The sampling unit 122 determines two sets of data according to the first stage 4T 1-the fourth stage 4T4, one set of data is the current Ia between the first pole and the second pole of the driving transistor DT and the voltage Va of the first node corresponding to the current Ia, namely the gate node N1, relative to the reference potential; the other set of data is the current Ib between the first and second poles of the driving transistor DT and the voltage Vb of the first node corresponding thereto, i.e., the gate node N1, with respect to the reference potential, according to the formula Ids ═ k (Vgs-Vth)²Where k denotes a constant determined by mobility, parasitic capacitance, and channel length, Ids is a current between the first and second poles of the driving transistor DT, Vgs is a voltage between the gate and second poles of the driving transistor DT, and Vth is a threshold voltage of the driving transistor DT. Here, Ids ═ Ia, Vgs ═ V1-Va, or Ids ═ Ib, Vgs ═ V1-Vb, and V1 is the first power supply voltage signal generated by the first power supply voltage signal line, and determines the constant K and the threshold voltage Vth of the driving transistor DT at this time. The characteristic curve of the driving transistor at this time is compared with the characteristic curve of the driving transistor DT stored in advance on the display panel, and the threshold voltage Vth and the amount of change in mobility that need to be compensated are determined.

In the present embodiment, the operations of the sixth stage 4T6 and the seventh stage 4T7 may be repeated a plurality of times to obtain the current Ik of the plurality of organic light emitting diodes OLED and the voltage Vk across the organic light emitting diodes OLED corresponding to the current. The current density-voltage characteristic curve of the organic light emitting diode OLED at this time is determined according to the currents I1, I2 and … Ik of the organic light emitting diode OLED obtained in the sixth stage 4T6 to the ninth stage 4T9 and the voltages V1, V2 and … Vk at both ends of the organic light emitting diode OLED corresponding to the currents, respectively, wherein the current density is a current flowing through the organic light emitting diode in a unit area. And comparing the current density-voltage characteristic curve with a current density-voltage characteristic curve of the organic light-emitting diode OLED stored in the display panel in advance, and determining the voltage needed to be compensated at two ends of the organic light-emitting diode OLED.

The compensation voltage of the data signal is determined according to the threshold voltage Vth of the driving transistor DT, the amount of change in mobility, and the voltage across the organic light emitting diode OLED, which needs to be compensated, determined by the sampling unit 122, and is converted into compensation data through the analog-to-digital converter.

With continued reference to fig. 4b and 5f, during the emission display period DT1, the first transistor T1 is turned on under the control of the low level signal transmitted from the SCAN signal line SCAN, the second transistor T2 is turned off based on the high level signal transmitted from the sensing signal line SEN, and the third transistor T3 is turned off based on the high level signal transmitted from the emission control signal line EM. The third switching unit K3 is turned on, and the first switching unit K1 and the second switching unit K2 are turned off.

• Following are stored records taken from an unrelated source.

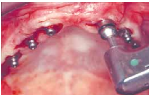
FIG. 1C Flapless implant surgical insertion by levelling the threaded-smooth interface with the soft-hard tissue interface.

intimate soft tissue adaptation on the coronal part of the implant remains undisturbed. Therefore the maintenance and the preservation of the pre-existing soft tissue architecture are fairly accomplished. The aim of the present case series is to illustrate a clinical technique and present the application of one-piece transmucosal implants in flapless surgical procedures, supporting multiple implant immediate full arch prostheses.
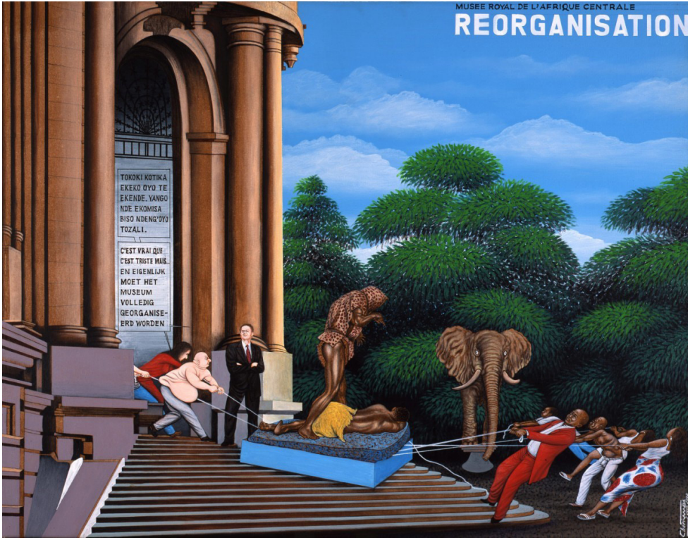
Illustration 2. Musée Royal de l'Afrique Centrale, Réorganisation (2002), Chéri Samba

What is crucial in these discussions is that there is dialogue between the parties involved. And that is often lacking. Imagery and representation of non-European art—and, thus, also people—is inextricably linked with power differentials that are inherently embedded in these controlling processes. For the Africa Museum, it is important to investigate such possible pitfalls and opportunities, as 'the last colonial museum' or 'the last cabinet of curiosities' has reopened. What precisely has been done during the five-year closure? What can other institutions learn from this one?
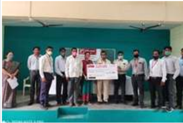
Financial help from IDFC Bank to female students

The data signal generation unit 123 converts the modulated digital video data RGB into data voltages and supplies the data voltages to the data signal lines DL. The difference in the variation of the mobility of the driving transistor DT and the difference in the variation of the organic light emitting diode OLED are reflected in the data voltage applied to the first node N1 of the pixel driving circuit.

Please continue to refer to fig. 4b and 5 g. In the light emitting display period DT2, the third transistor T3 is turned on based on the high level signal transmitted from the light emission control signal line EM, the first transistor T1 is turned off based on the high level signal transmitted from the SCAN signal line SCAN, and the second transistor T2 is turned off based on the high level signal transmitted from the sensing signal line SEN. The third switching unit K3 is turned on, and the first switching unit K1 and the second switching unit K2 are turned off. At this time, the potential of the first node N1 is maintained at the data voltage. At this time, the driving current Ioled flowing in the organic light emitting diode OLED is as follows:

Ioled＝k(Vgs-Vth)²＝k(V1-Vdata-Vth)²

where k denotes a constant determined by mobility, parasitic capacitance, and channel length, and Vgs denotes a voltage between the gate and the second pole of the driving transistor DT, V1 is a voltage generated by the first power supply voltage signal line V1, Vdata is the above-mentioned data voltage, and Vth is a threshold voltage of the transistor DT. As described in detail above, since the difference in variation of the organic light emitting diode OLED and the difference in variation of the driving transistor DT are reflected in the data voltage Vdata, the driving current Ioled according to the present invention does not depend on the difference in variation.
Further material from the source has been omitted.